Work request. Using the records that follow, reproduce exactly the lines starting at the line containing "This bingo card" and ending at the line containing "Salopeta Elefant cu". Include both end lines and no pictures.

Material supplied.
####################

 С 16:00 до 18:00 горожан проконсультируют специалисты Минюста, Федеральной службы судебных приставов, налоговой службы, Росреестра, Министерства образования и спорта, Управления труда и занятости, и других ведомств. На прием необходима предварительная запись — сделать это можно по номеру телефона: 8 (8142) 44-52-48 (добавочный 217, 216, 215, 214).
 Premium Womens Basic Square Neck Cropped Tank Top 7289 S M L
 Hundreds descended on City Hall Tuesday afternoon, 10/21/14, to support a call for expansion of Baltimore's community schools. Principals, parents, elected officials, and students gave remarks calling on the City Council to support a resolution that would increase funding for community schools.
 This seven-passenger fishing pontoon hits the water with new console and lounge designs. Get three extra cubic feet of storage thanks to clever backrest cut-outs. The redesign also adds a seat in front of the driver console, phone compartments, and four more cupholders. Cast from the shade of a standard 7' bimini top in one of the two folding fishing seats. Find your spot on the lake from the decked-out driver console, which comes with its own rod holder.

####################

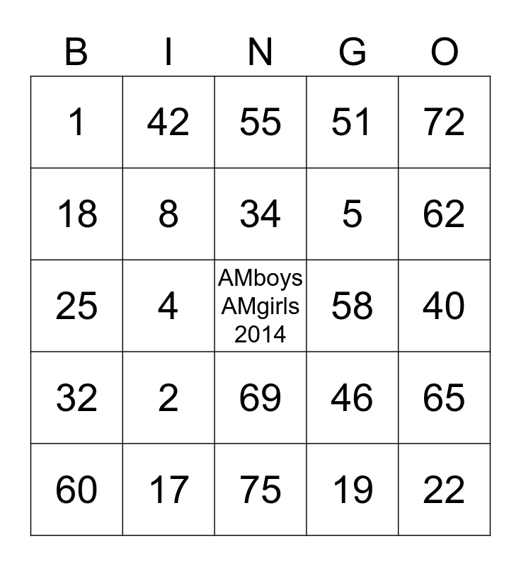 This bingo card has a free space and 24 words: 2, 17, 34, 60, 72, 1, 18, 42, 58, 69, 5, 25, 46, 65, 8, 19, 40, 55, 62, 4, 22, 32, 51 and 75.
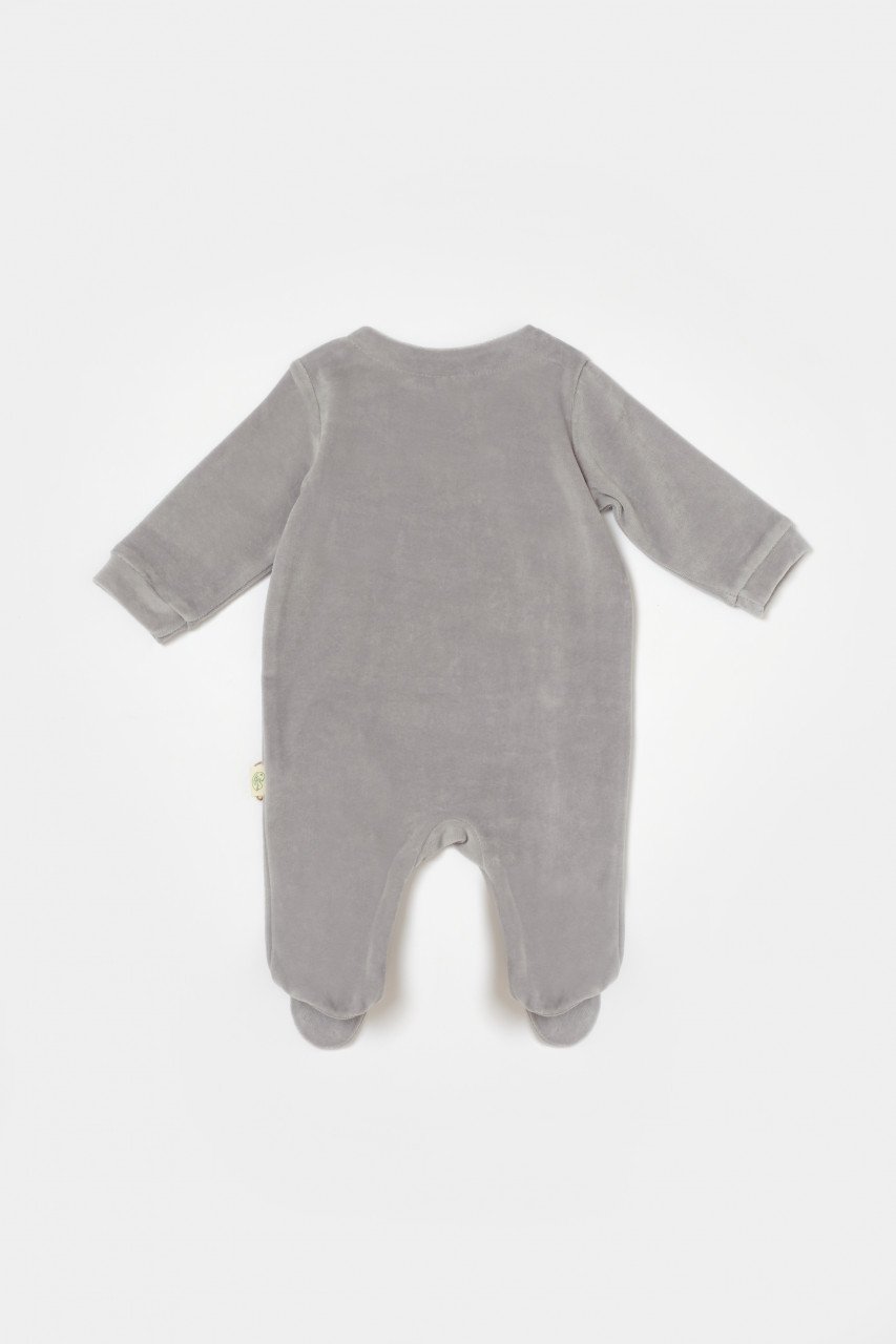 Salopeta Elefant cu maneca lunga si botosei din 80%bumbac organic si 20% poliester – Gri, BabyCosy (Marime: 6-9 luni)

####################

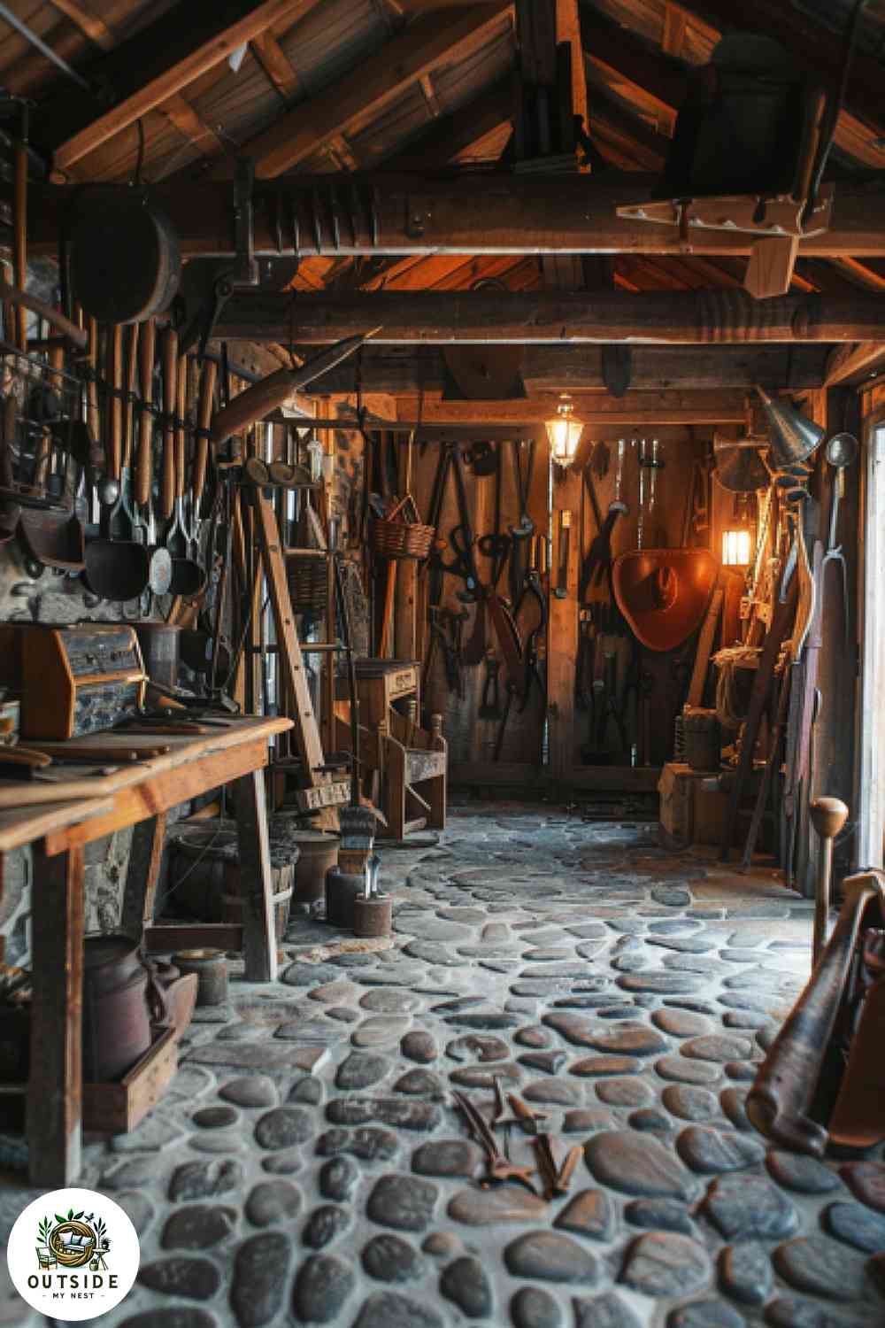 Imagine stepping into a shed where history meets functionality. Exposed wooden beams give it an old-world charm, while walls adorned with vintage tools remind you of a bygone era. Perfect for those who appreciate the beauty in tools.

####################

Answer area.
 This bingo card has a free space and 24 words: 2, 17, 34, 60, 72, 1, 18, 42, 58, 69, 5, 25, 46, 65, 8, 19, 40, 55, 62, 4, 22, 32, 51 and 75.
 Salopeta Elefant cu maneca lunga si botosei din 80%bumbac organic si 20% poliester – Gri, BabyCosy (Marime: 6-9 luni)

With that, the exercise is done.